__Your goal__.
Shown below is a listing with pictures; reproduce exactly, and only, the lines between the ones containing "Коэффициенты порожнего пробега" and "拍賣行公布的成交價,並非買家實際需要支付的最終金額。本文以 Mini Kelly", inclusive, leaving the pictures out.

__Records for the exercise__.
_ _ _ _ _ _ _

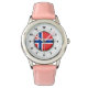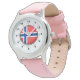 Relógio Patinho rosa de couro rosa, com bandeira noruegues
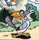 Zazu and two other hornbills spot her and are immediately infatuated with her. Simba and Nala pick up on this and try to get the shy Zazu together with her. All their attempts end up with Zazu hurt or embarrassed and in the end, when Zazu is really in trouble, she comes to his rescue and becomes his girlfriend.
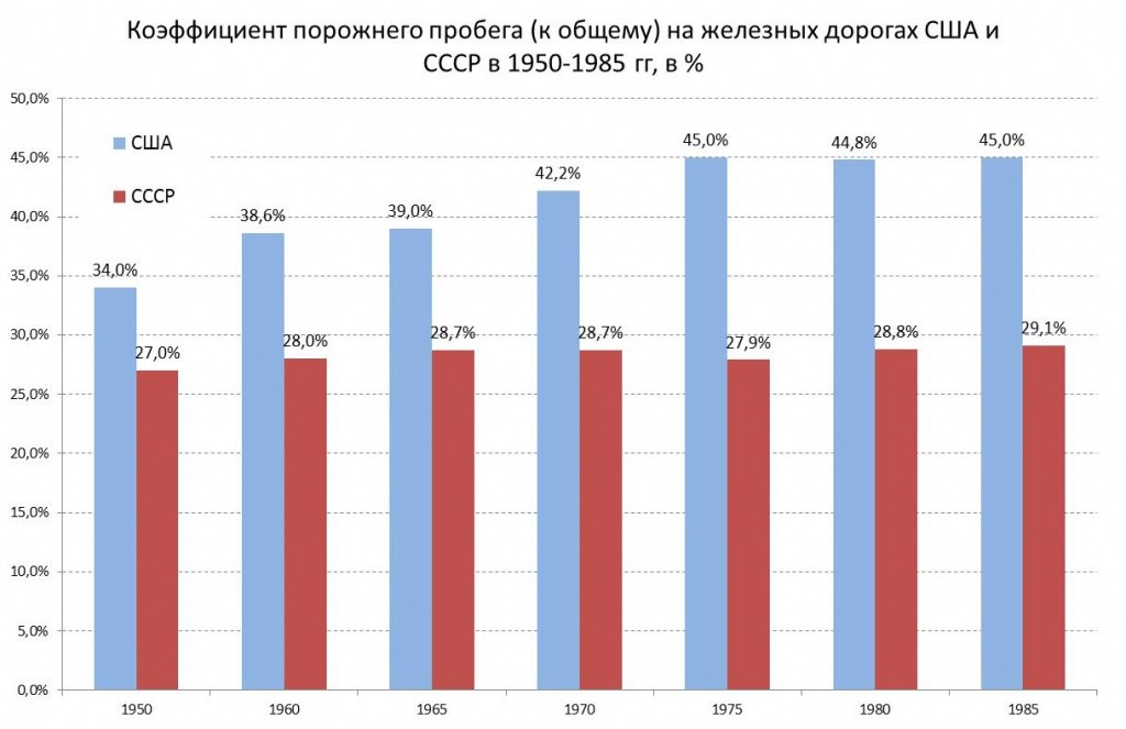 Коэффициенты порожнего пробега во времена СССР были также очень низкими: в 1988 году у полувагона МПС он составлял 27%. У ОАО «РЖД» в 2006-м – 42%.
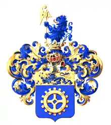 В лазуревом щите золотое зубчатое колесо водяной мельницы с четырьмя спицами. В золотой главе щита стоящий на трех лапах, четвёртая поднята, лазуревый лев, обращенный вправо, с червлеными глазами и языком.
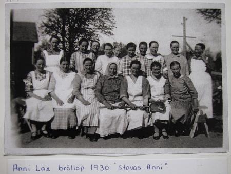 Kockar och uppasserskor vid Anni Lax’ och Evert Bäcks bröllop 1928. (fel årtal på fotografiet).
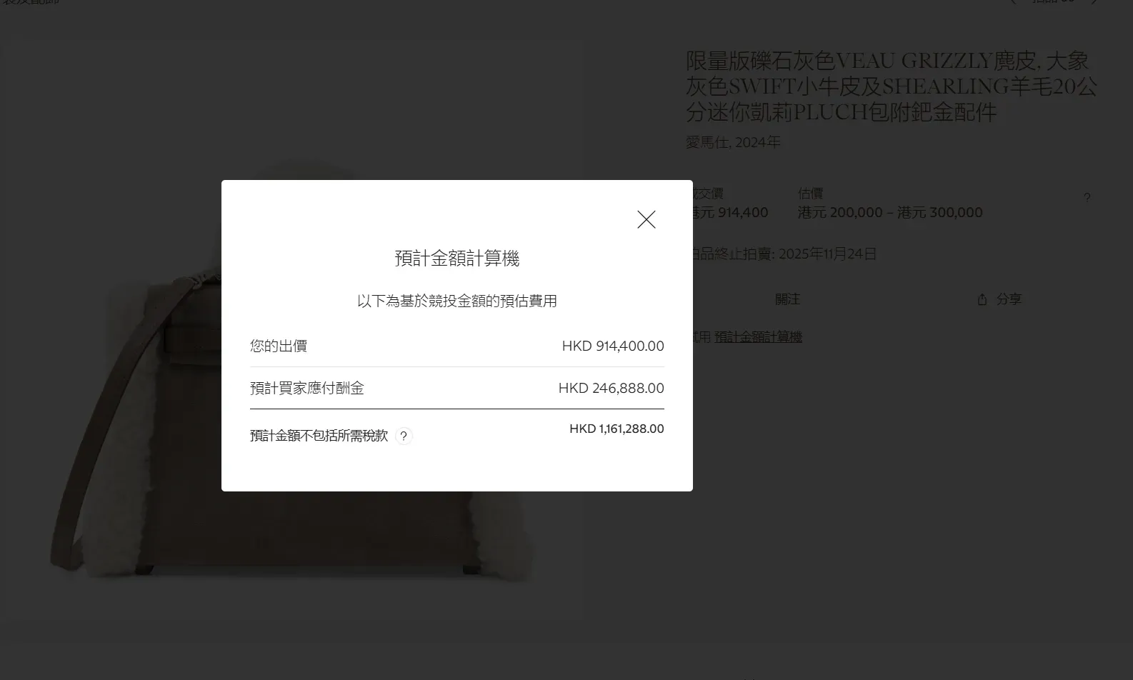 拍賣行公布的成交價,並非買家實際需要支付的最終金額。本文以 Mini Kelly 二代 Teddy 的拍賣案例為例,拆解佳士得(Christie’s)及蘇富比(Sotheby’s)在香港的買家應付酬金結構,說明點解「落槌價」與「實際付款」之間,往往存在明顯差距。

_ _ _ _ _ _ _

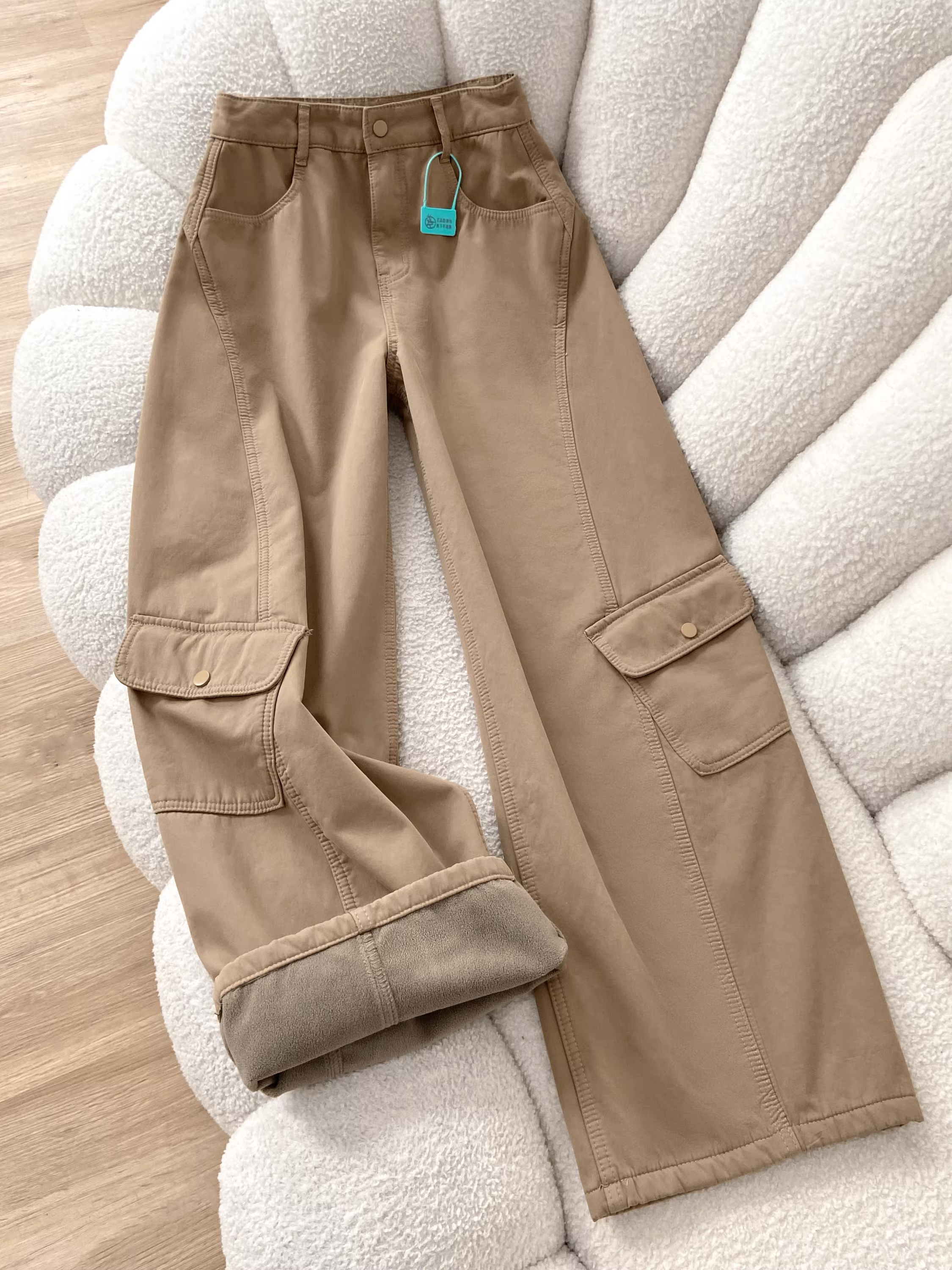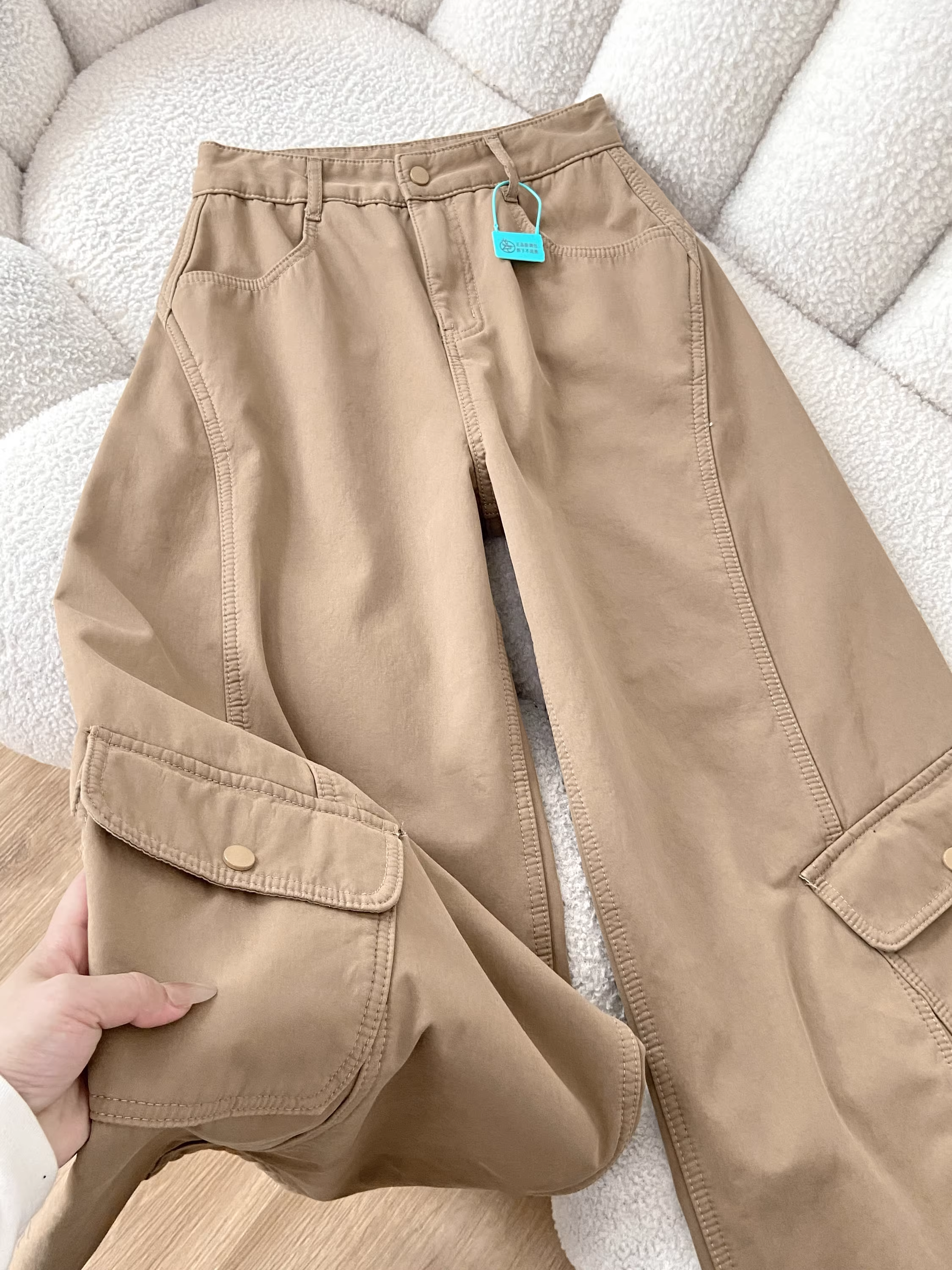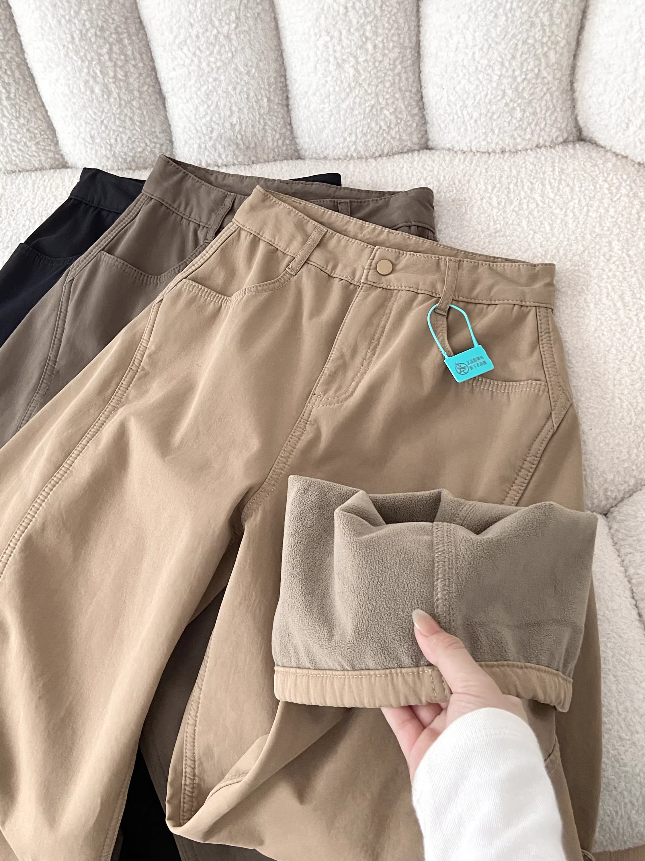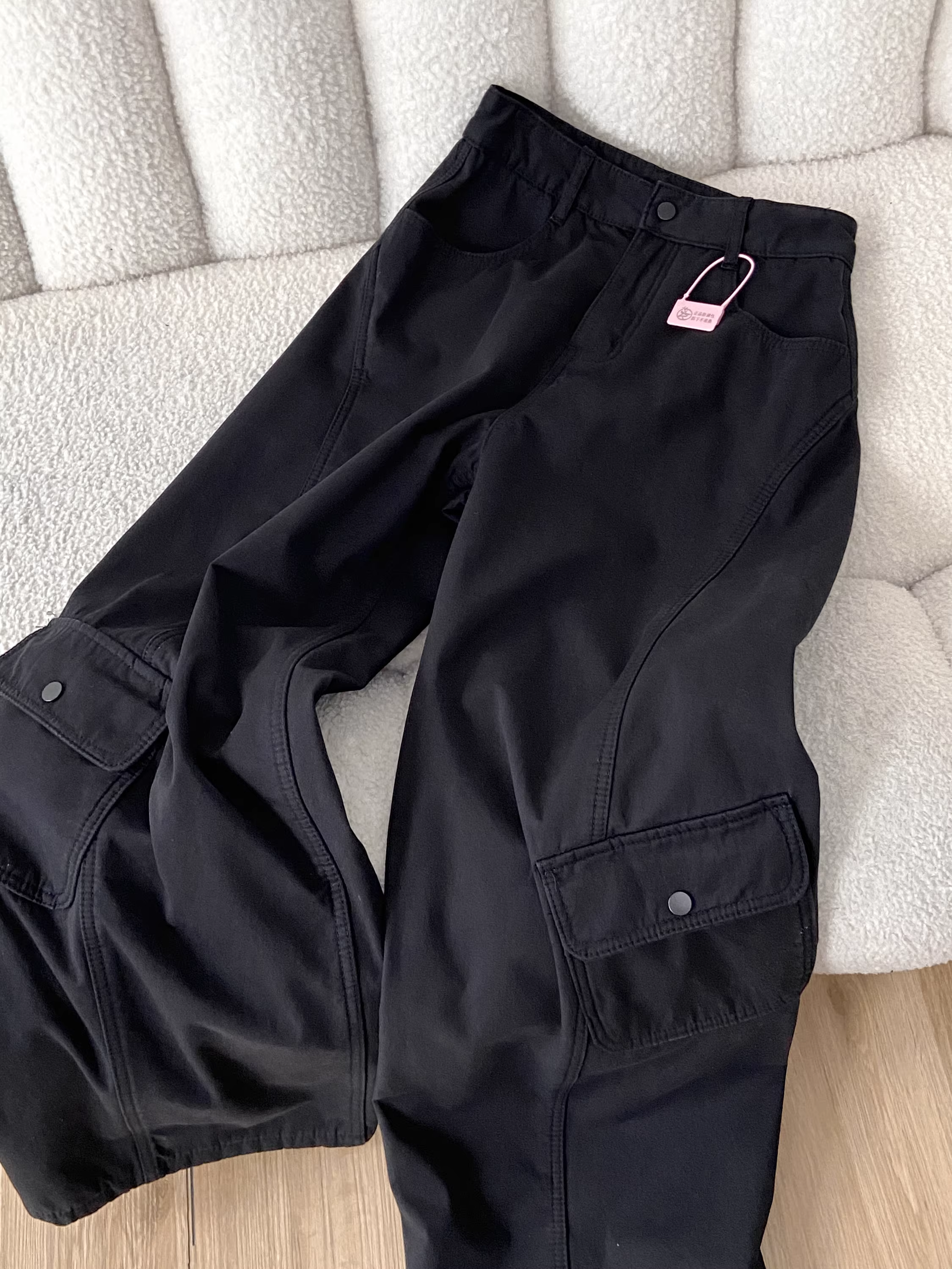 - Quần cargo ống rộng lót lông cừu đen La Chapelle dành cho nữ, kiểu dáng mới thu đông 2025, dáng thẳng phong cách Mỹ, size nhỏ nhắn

_ _ _ _ _ _ _

__Solution for this exercise__.
 Коэффициенты порожнего пробега во времена СССР были также очень низкими: в 1988 году у полувагона МПС он составлял 27%. У ОАО «РЖД» в 2006-м – 42%.
 В лазуревом щите золотое зубчатое колесо водяной мельницы с четырьмя спицами. В золотой главе щита стоящий на трех лапах, четвёртая поднята, лазуревый лев, обращенный вправо, с червлеными глазами и языком.
 Kockar och uppasserskor vid Anni Lax’ och Evert Bäcks bröllop 1928. (fel årtal på fotografiet).
 拍賣行公布的成交價,並非買家實際需要支付的最終金額。本文以 Mini Kelly 二代 Teddy 的拍賣案例為例,拆解佳士得(Christie’s)及蘇富比(Sotheby’s)在香港的買家應付酬金結構,說明點解「落槌價」與「實際付款」之間,往往存在明顯差距。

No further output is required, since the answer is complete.